A challenge that must be faced

Friday 11th December 2009, 2:59PM GMT.

From Bill Matthews.
OUR globe is warming, but are our hearts and minds? Alarm bells are ringing ever more insistently, but we are taking a long time to wake up to the dangers which are present and menacing.

Like many people, I feel that I should be doing something more effectively about it, but don’t quite know what. And the sad thing is that there are still those who think that it is a false alarm, even in the face of indisputable evidence.

History is the record of such a behaviour pattern and there are those who say: ‘We have always come through it somehow.’

What can we do in Jersey? Many think that we can live more simply and be much more consciously aware of our environment, and this is a good thing.
Each of us can be more alert, inventive and proactive in the way that we seek to limit energy consumption, and reduce pollution and revise our living patterns.

However, this is easier said than done, because there are a lot of things we like and have grown used to and, therefore, think we need.

Tightening belts in a fat society can be good for most of us, even those who think we are poor and underprivileged.

What can we do as an island community?

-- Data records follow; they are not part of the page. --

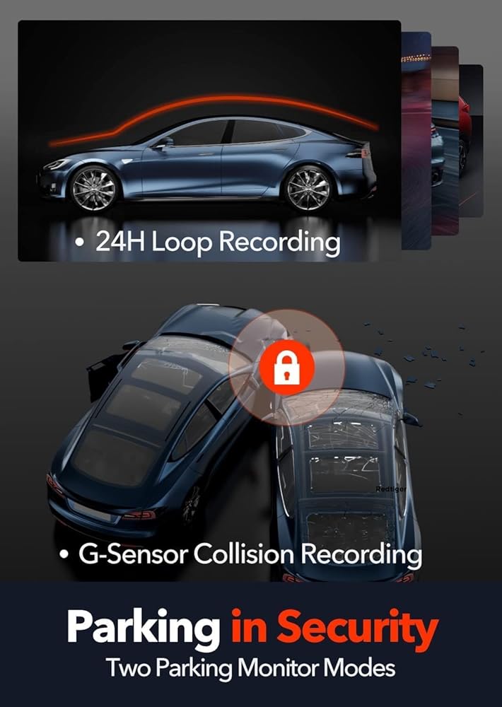 🚕【Dash Cam】When the dashboard camera detects a collision, it will automatically turn on and then record a protected video. The collision detection or motion sensor can be triggered by impact or movement while parked, or if someone tries to steal your vehicle.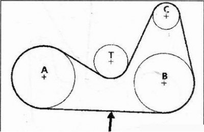 А - Шків каленчатага вала, У - Шків кампрэсара кандыцыянера, З - Шків генератара пераменнага току, D - Шків помпы ўзмацняльніка рулявога кіравання, Е - Абводны ролік, Т - Нацяжны ролік.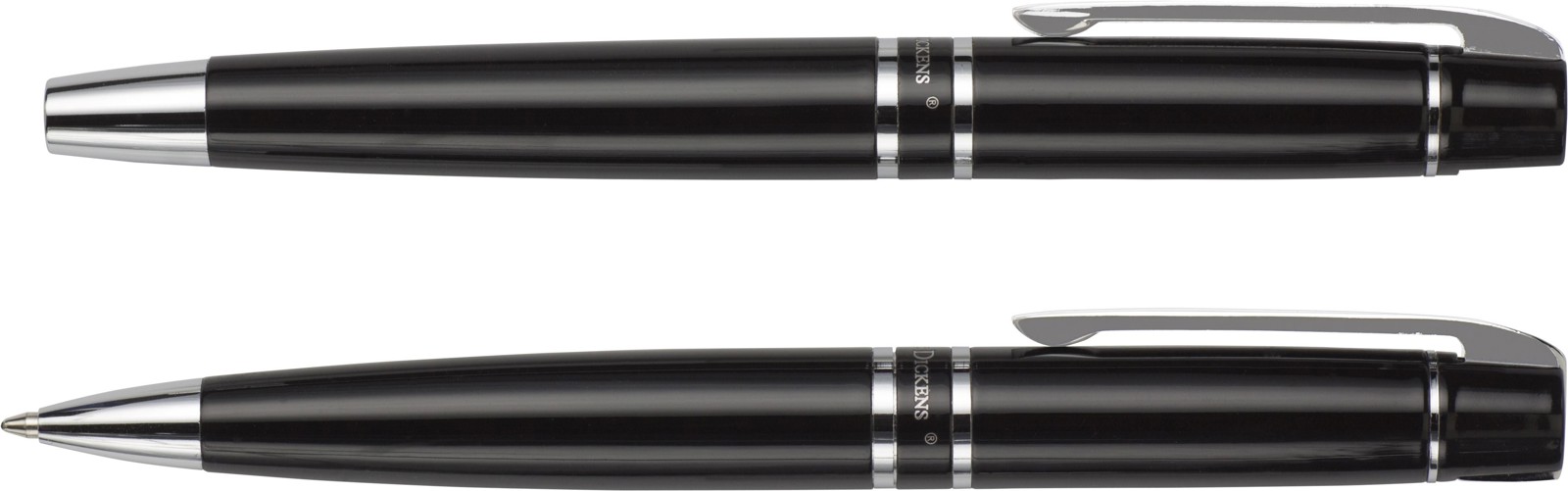 Conjunto de esferográfica com mecanismo giratório e roller de metal lacado em estojo de polipel. Escrita preto.

Certainly we need to make the issue a priority in any of the planning we envisage.

It seems to me that the problem is, among other things like our greed, a consequence of technology which, if we choose, can be redirected to solve the problems rather than compound them.

Our Island is peculiarly well placed in this respect, since we are set within readily accessible sources of energy, such as wind and water and sun. Wind is almost constant in our low lying position and the technology to farm it is much advanced.

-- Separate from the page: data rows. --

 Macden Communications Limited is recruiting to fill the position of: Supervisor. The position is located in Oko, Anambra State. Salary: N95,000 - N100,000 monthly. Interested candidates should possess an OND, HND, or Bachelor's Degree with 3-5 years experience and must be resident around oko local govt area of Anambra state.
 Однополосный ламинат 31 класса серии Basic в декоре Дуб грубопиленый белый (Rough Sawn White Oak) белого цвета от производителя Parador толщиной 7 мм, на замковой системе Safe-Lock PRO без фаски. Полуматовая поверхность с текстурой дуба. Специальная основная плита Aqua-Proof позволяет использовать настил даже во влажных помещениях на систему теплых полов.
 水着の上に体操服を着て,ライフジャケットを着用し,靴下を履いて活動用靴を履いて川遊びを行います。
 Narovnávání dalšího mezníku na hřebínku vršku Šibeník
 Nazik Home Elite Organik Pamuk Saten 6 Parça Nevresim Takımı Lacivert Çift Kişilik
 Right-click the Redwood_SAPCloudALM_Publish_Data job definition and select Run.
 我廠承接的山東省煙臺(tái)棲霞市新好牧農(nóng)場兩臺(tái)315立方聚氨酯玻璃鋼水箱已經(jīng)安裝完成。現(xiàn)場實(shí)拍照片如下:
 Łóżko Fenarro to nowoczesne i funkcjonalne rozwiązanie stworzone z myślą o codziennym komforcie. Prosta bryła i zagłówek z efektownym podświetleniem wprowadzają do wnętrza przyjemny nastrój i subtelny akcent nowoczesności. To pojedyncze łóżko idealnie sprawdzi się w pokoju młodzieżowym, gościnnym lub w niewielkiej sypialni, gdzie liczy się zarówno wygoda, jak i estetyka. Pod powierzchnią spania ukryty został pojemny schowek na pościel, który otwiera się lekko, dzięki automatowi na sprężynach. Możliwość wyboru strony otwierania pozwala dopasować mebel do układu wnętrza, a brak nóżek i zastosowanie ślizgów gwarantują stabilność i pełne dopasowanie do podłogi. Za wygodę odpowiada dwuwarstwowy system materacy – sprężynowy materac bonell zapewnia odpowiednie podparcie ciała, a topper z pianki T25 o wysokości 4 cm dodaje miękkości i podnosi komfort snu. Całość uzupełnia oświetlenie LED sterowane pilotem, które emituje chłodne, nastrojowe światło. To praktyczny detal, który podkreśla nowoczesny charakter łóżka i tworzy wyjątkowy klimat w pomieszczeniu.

We are surrounded by shallow water and high tides, and should be utilising these. We advertise ourselves as the sunniest of the British Isles and solar power is now easily accessible.

There are many ways in which these elements can be embraced, as an Island and individually, for our good use and as part of any forward planning. To itemise these would require a longer article than this letter, but it needs to be done.

Of course, I hear the immediate cries of those who say that we cannot afford such an investment cost, but I believe that the much stronger reasoning is that we cannot afford not to face this challenge. The challenge is urgent and immediate.